In 2014, the group spent on average 15.4 ± SD 11.3 consecutive nights at BC during all months (range: 1–31 nights, Table 1). The group spent on average 1.9 ± SD 1.8 consecutive nights (range: 1–13 nights) at the four other sleeping sites. During the wet months in 2016, the group stayed at BC on average 2.5 ± SD 1.5 consecutive nights (range: 1–9 nights), and during the dry months it stayed there on average 3.6 ± SD 2.9 consecutive nights (range: 1–13 nights). This difference was not statistically significant (Wilcoxon rank sum test: W = 18, p = .67, N = 13). During wet months in 2016, the group stayed 6.7 consecutive nights on average ± SD 7.2 (range: 1–29 nights) at each of four sleeping sites (including BC), and during dry months, 3.5 consecutive nights on average ± SD 1.2 (range: 1–15 nights) at each of five sleeping sites (including BC). Although there was a tendency of staying more consecutive nights in each sleeping site during wet months, it was not significantly different from their use in dry months (Wilcoxon rank sum test: W = 16, p = .93, N = 13). Overall, the group used a similar number of sleeping sites (5) in both study periods and there was a nonsignificant trend to spend on average more consecutive nights at each sleeping site in 2014 (11 ± SD 10.2 nights) than in 2016 (4.3 ± SD 3.4 nights, Wilcoxon rank sum test: W = 47.5, p = .06, N = 26).

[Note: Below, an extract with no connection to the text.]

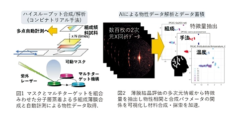 スマートラボでは、これまで開発した高速薄膜材料合成技術であるコンビナトリアル材料合成・評価技術(図1)に加えて、多量点解析・データベース化・計算科学のマテリアルズ・インフォマティクス(MI)の導入(図2)を進め、更なる材料開発の加速を行っている。

3.3 Sleeping sites relative to area used during the day

The average distance from the center of the area used in daytime to the sleeping site chosen for the night was 1412 m ± SD 1139 in 2014 and 1145 m ± SD 889 in 2016. Overall, the mean distance between the center of the area used during daytime to the chosen sleeping site was not significantly different from the distance between the center of the area used during daytime to a random sleeping site in 2014 (p < .5, 90% CIs did not overlap with zero) but was significantly shorter to the chosen sleeping site in 2016 (p < .05, 95% CIs did not overlap with zero). The percentage of nights when the group chose the closer sleeping site versus a more distant sleeping site after daytime was significantly lower in 2014 (71%) than in 2016 (83%, Wilcoxon rank sum test, W = 45.5, p < .05, N = 23). In 2016, there was a marginal tendency for the group to select the closer sleeping site more often during wet months than during dry months (Generalized linear mixed model: z = −1.94, p = .052).